▶ _How to complete this task_
The pictures stay out. Please retype every line below exactly.

▶ _Raw data_
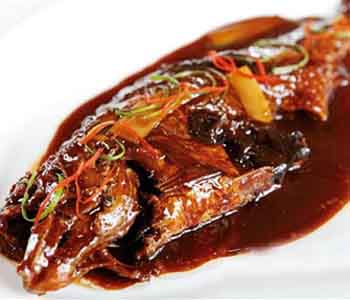 7、放入煎好的黄鱼,加入酱汁中火煮;煮开后转小火,煮至酱汁浓稠即可关火,盛出后撒上红辣椒作为点缀。
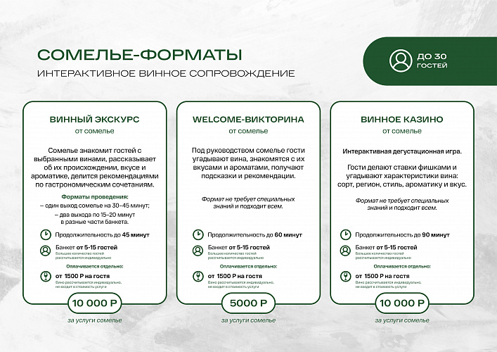 - Отдельные банкетные залы на 10, 15, 30 и 40 человек
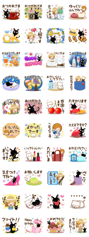 かわいい猫とかわいい女の子の癒される日常スタンプです☆大人かわいい小物がいっぱい♪敬語多め☆よく使う言葉を厳選しました(売上の一部は動物福祉団体に寄付されます)
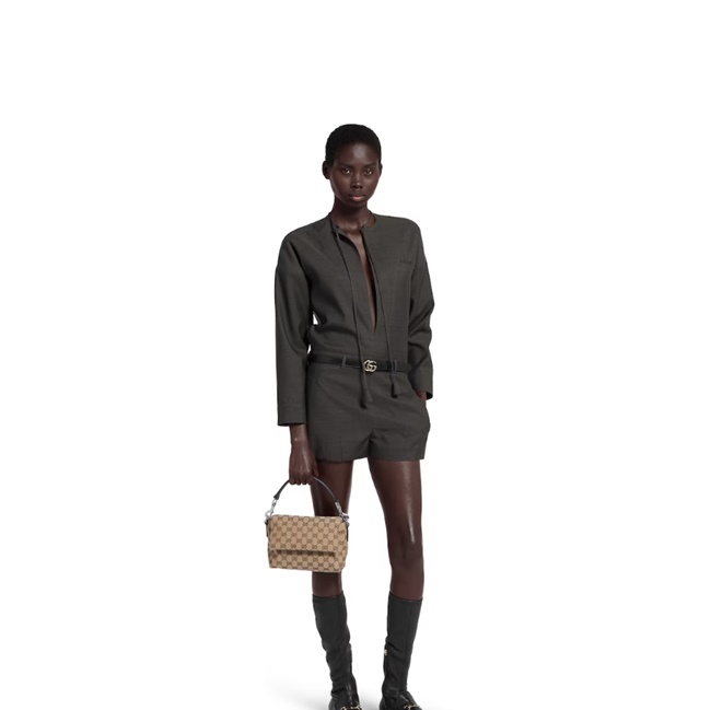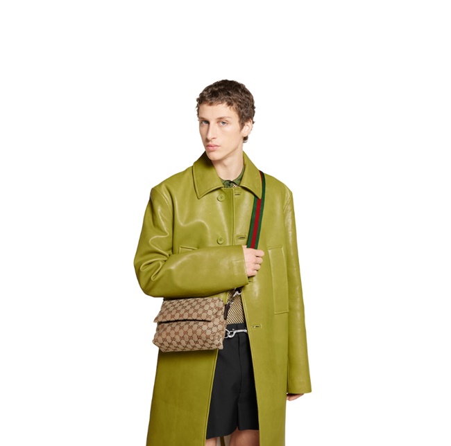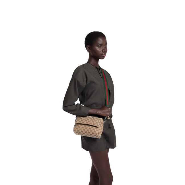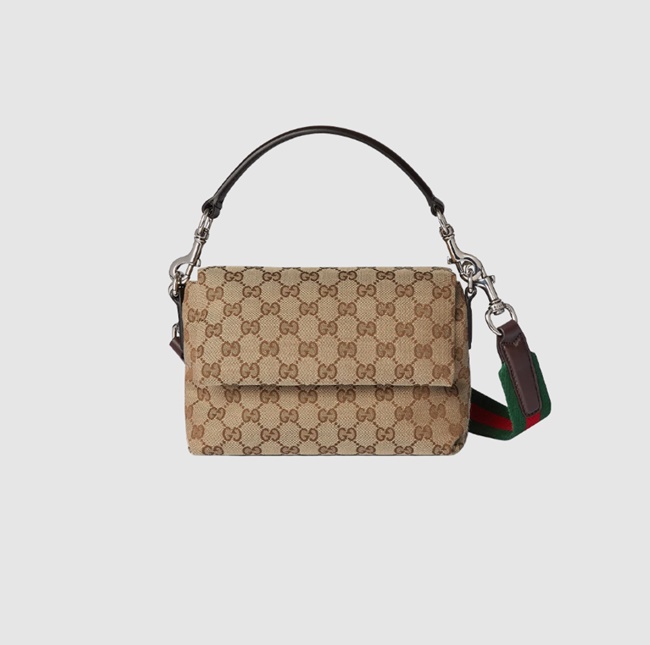 구찌 스몰 GG 크로스바디 백 웹 베이지 다크 브라운 821617

▶ _Result_
 7、放入煎好的黄鱼,加入酱汁中火煮;煮开后转小火,煮至酱汁浓稠即可关火,盛出后撒上红辣椒作为点缀。
 - Отдельные банкетные залы на 10, 15, 30 и 40 человек
 かわいい猫とかわいい女の子の癒される日常スタンプです☆大人かわいい小物がいっぱい♪敬語多め☆よく使う言葉を厳選しました(売上の一部は動物福祉団体に寄付されます)
 구찌 스몰 GG 크로스바디 백 웹 베이지 다크 브라운 821617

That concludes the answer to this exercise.